- _Items from a dataset_
────
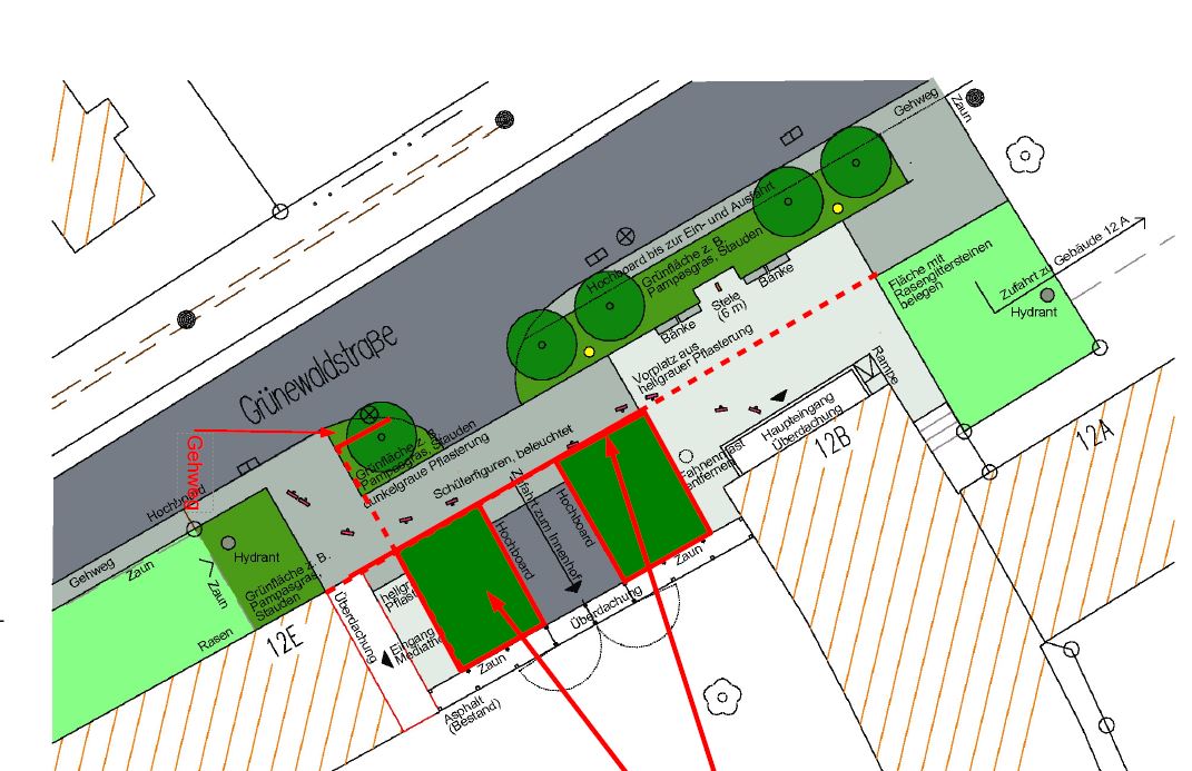 Diese Maßnahmen greifen einer geplanten Entwicklung vor: Seit über zehn Jahren ist eine Umgestaltung des Vorplatzes geplant. Ein Wettbewerb in der Schülerschaft erbrachte ein Ergebnis, das jedoch aufgrund der Bauarbeiten an der IGS:FF bisher nicht umgesetzt wurde und sich weiter verzögern wird.
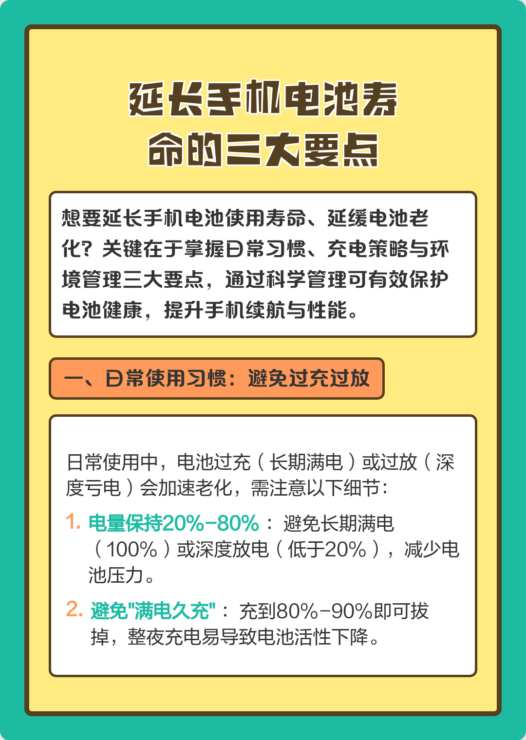 其次,做好手机电池的保养。避免过度充电和过度放电,手机电量充至80%-90%即可拔掉充电器,不要等到电量完全耗尽后再充电,这样会损伤电池寿命。避免在高温或低温环境下使用手机,高温会加速电池老化,低温会影响电池的性能。另外,不要边充电边使用手机,边充电边使用手机会产生大量的热量,损伤电池和手机内部部件。
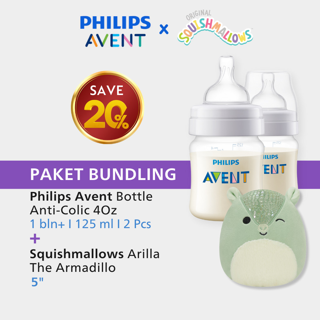 Bundle Philips Avent Bottle Anti-Colic 4Oz (125ml 2 pcs) - Botol Susu Bayi SCY100/02 2P+5" Sq Arilla The Armadillo
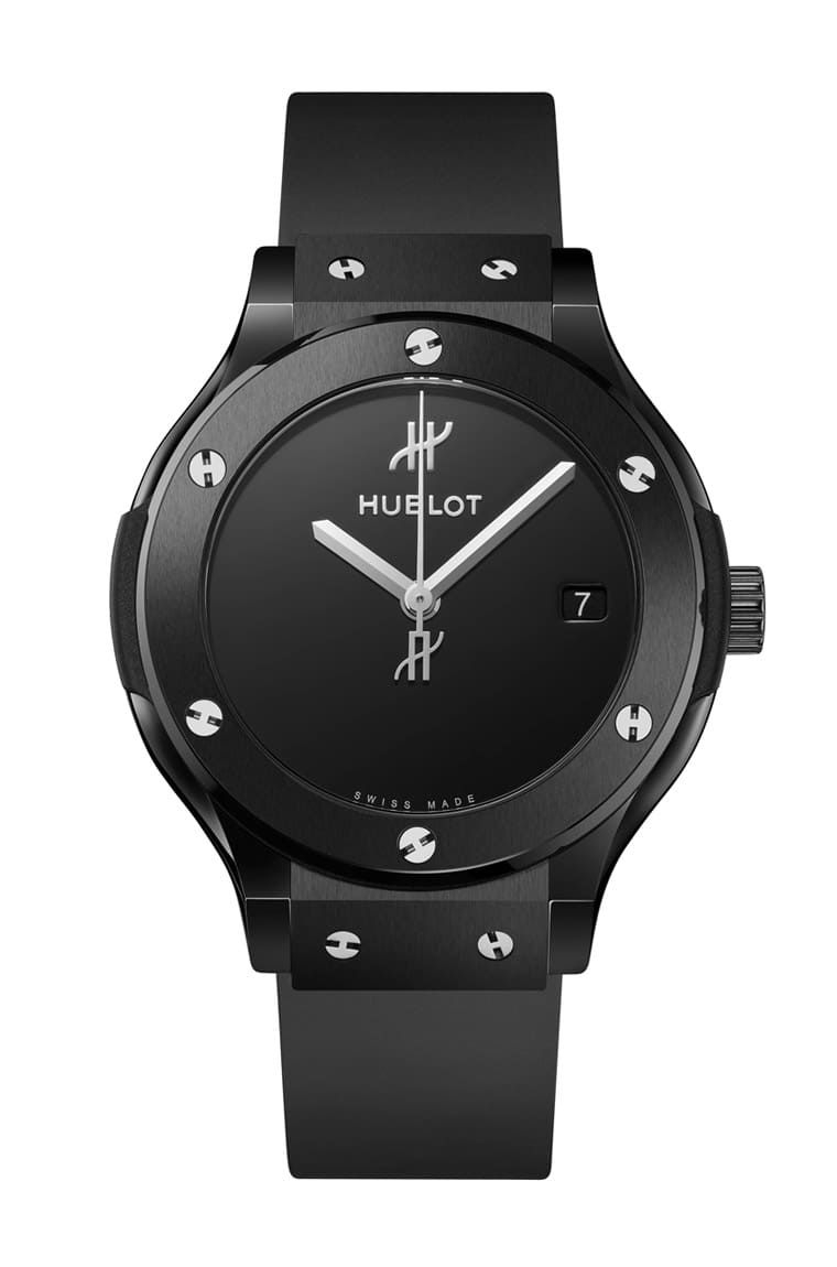 錶款的錶圈上設有6顆代表品牌的H型鈦金屬螺絲(上下切面錶耳則各有兩枚外露H型螺絲),如此能將錶圈牢牢固定於錶殼上,宇舶並用黑漆面盤搭配金屬立體刻面指針,其中秒針的末梢帶有「H」型字樣,與12點方向的品牌標誌彼此呼應,除此之外,手錶完全捨棄了時標或刻度,僅保留3點方向的日期視窗,展現實用簡約的美學。
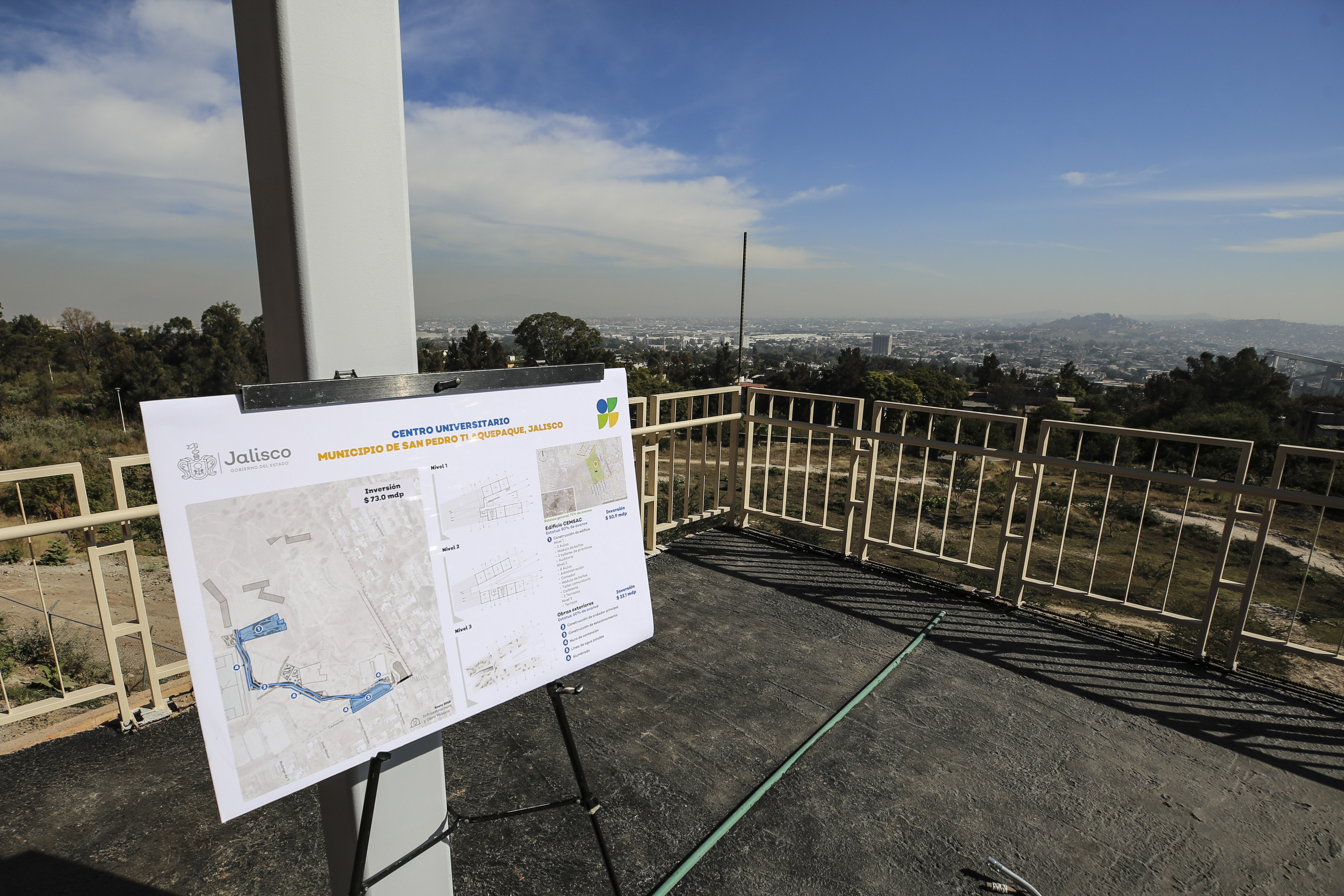 Luego de un recorrido de avances de obra en el Centro Universitario de Tlaquepaque (CUTlaquepaque), que se edifica en el Parque Metropolitano del Cerro del Cuatro, autoridades de la Universidad de Guadalajara (UdeG), del Gobierno de Jalisco y del ayuntamiento de San Pedro Tlaquepaque dieron a conocer que éste presenta un avance de 85 por ciento.
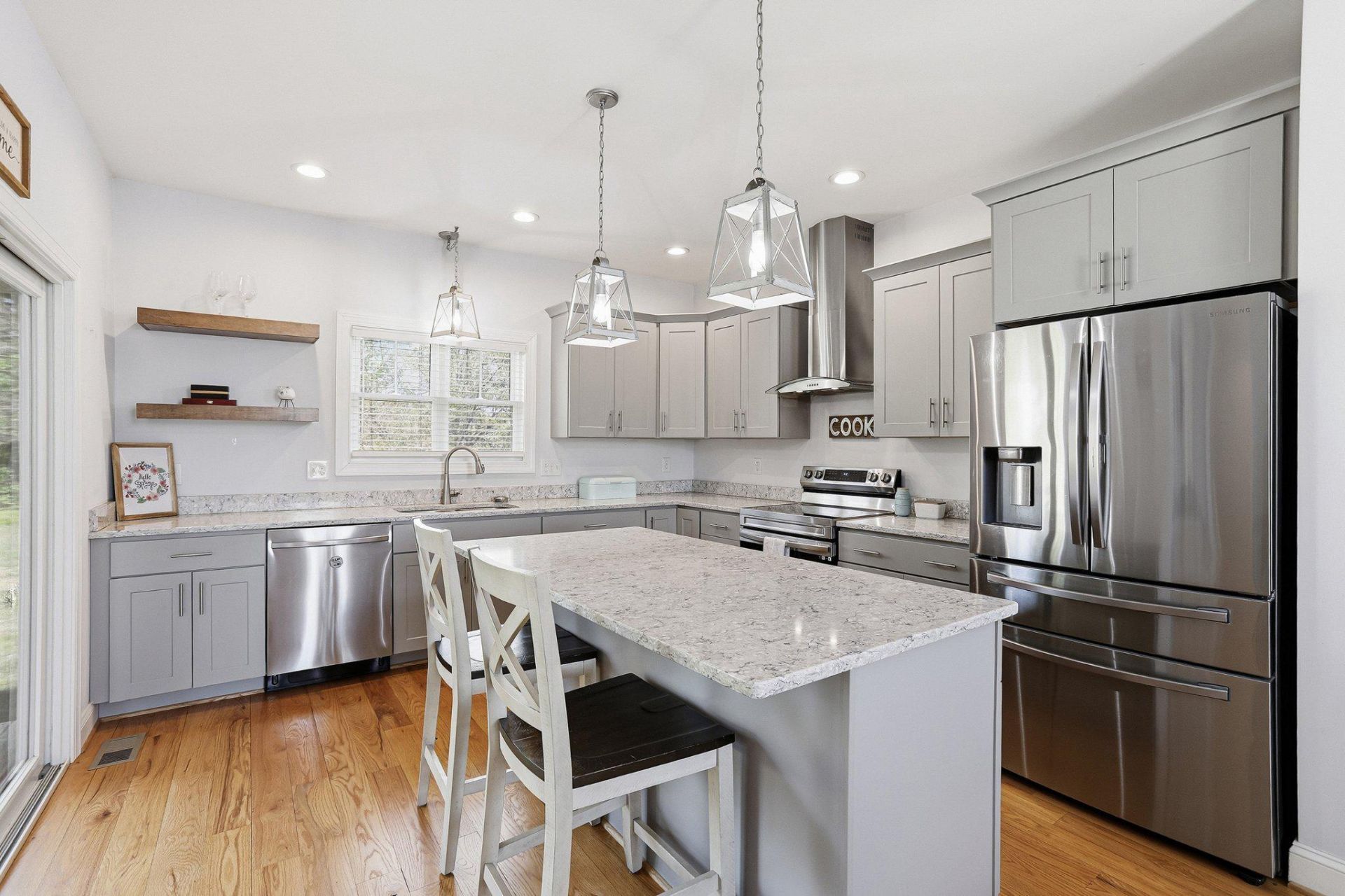 Charming Custom-Built Farmhouse on a Private .48 Acre Lot – No HOA! Welcome to this like-new, rustic-modern farmhouse that feels like a private retreat yet offers easy modern living. Built in 2022 with high-end finishes throughout, this beautifully maintained 3-bedroom, 2-bath home sits on a large private lot backing to mature trees for ultimate privacy and tranquility. Step inside through the flagstone walkway and onto the maintenance-free front porch, then enter a bright, open floor plan designed for effortless main-level living with all 3 Bedrooms on the ground floor level. The spacious Great Room features wide-plank hardwood flooring, recessed lighting, and beautiful Craftsman-style interior trim that adds warmth and character. The heart of the home is the amazing Gourmet Kitchen, complete with stainless steel appliances, including a side-by-side French door refrigerator and professional chef’s hood, elegant quartz countertops, large center island with pendant lighting – perfect for casual meals or gathering with friends, 42” cabinets with convenient pull-out shelving, and a generous walk-in pantry. Off the Kitchen is a Large Dining Room area and sliding door that leads to the inviting rear covered porch with maintenance-free flooring and ceiling fan – ideal for morning coffee or evening relaxation while enjoying the large backyard and wooded views. The inviting Owner’s Suite offers a peaceful escape with a huge walk-in closet and a private luxury bath featuring a double vanity, ceramic tile, separate soaking tub, and a sleek frameless glass shower. There are also 2 additional spacious secondary bedrooms that share a Hall Bathroom with a subway tile shower and wide plank luxury vinyl plank flooring. Additional highlights include separate Laundry Room, custom blinds throughout, and convenient crawlspace with high-over head for extra storage. Outside, enjoy the expansive backyard perfect for gardening, play, or simply unwinding in nature. The oversized 2-car garage comes with an automatic opener and custom shelving for maximum storage. With over 1,600 sq ft of finished living area, this custom-built home combines rustic charm with high-end modern comforts, and convenient main-level living. No HOA means freedom to truly make it your own. Don’t miss this rare opportunity – schedule your private showing today!
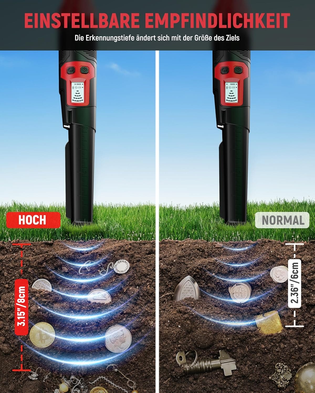 • Aukštas jautrumas: Dvigubas jautrumo režimas užtikrina aptikimą iki 8 cm gylyje, leidžiant surasti net mažus objektus, tokius kaip monetos ar papuošalai.amazon.com.be
────
- _Work to complete_
Starting at the line above that holds "其次,做好手机电池的保养。避", return each line up to and including the one that holds "Luego de un", exactly as written, minus any pictures.

- _Task result_
 其次,做好手机电池的保养。避免过度充电和过度放电,手机电量充至80%-90%即可拔掉充电器,不要等到电量完全耗尽后再充电,这样会损伤电池寿命。避免在高温或低温环境下使用手机,高温会加速电池老化,低温会影响电池的性能。另外,不要边充电边使用手机,边充电边使用手机会产生大量的热量,损伤电池和手机内部部件。
 Bundle Philips Avent Bottle Anti-Colic 4Oz (125ml 2 pcs) - Botol Susu Bayi SCY100/02 2P+5" Sq Arilla The Armadillo
 錶款的錶圈上設有6顆代表品牌的H型鈦金屬螺絲(上下切面錶耳則各有兩枚外露H型螺絲),如此能將錶圈牢牢固定於錶殼上,宇舶並用黑漆面盤搭配金屬立體刻面指針,其中秒針的末梢帶有「H」型字樣,與12點方向的品牌標誌彼此呼應,除此之外,手錶完全捨棄了時標或刻度,僅保留3點方向的日期視窗,展現實用簡約的美學。
 Luego de un recorrido de avances de obra en el Centro Universitario de Tlaquepaque (CUTlaquepaque), que se edifica en el Parque Metropolitano del Cerro del Cuatro, autoridades de la Universidad de Guadalajara (UdeG), del Gobierno de Jalisco y del ayuntamiento de San Pedro Tlaquepaque dieron a conocer que éste presenta un avance de 85 por ciento.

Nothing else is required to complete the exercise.